The Radeon GCN compiler back-end was merged months ago for GCC 9 as the work being done by CodeSourcery / Mentor Graphics under contract for AMD. That code is already being used within the company's CodeBench Lite AMD software and with time is expected to become useful in its own right within GCC.

But for GCC 9 and right now in GCC 10, the GCN back-end can only handle running single-threaded programs and not yet any fancy GPU offloading from the likes of OpenMP or OpenACC interfaces and to exploit the parallelism of today's graphics cards. There's improvements going into GCC 10 and perhaps by the official GCC 10.1 stable release next year we'll find this OpenMP/OpenACC parallel programming support in place for Radeon GPUs.

Besides the limited working scope right now for the AMD GCN back-end in GCC, the hardware spectrum has been limited. The developers working on this back-end have just been focusing on the support for Fiji and Vega 10, but that's slowly expanding. Now within GCC 10 is the -march=gfx906 target for Vega 20.

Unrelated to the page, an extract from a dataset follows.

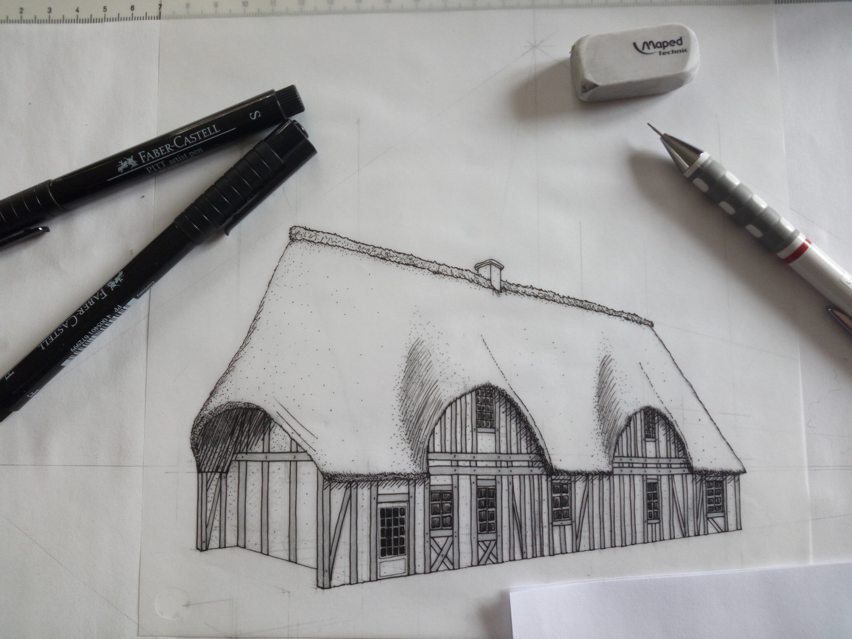 Dessin sur A3, construit à la règle, mis au propre sur du calque à l'encre de Chine

Vega 20 support is being prepped for this back-end as the 7nm Vega GPUs shipping in recent months. We'll wonder though how long it takes to see Navi support in this back-end and could be a sign of how serious AMD/Mentor is about this GCC support. The LLVM AMDGPU compiler back-end has already been seeing the GFX1010/Navi support as that's needed for the RadeonSI Gallium3D driver and other graphics components as the shader compiler path.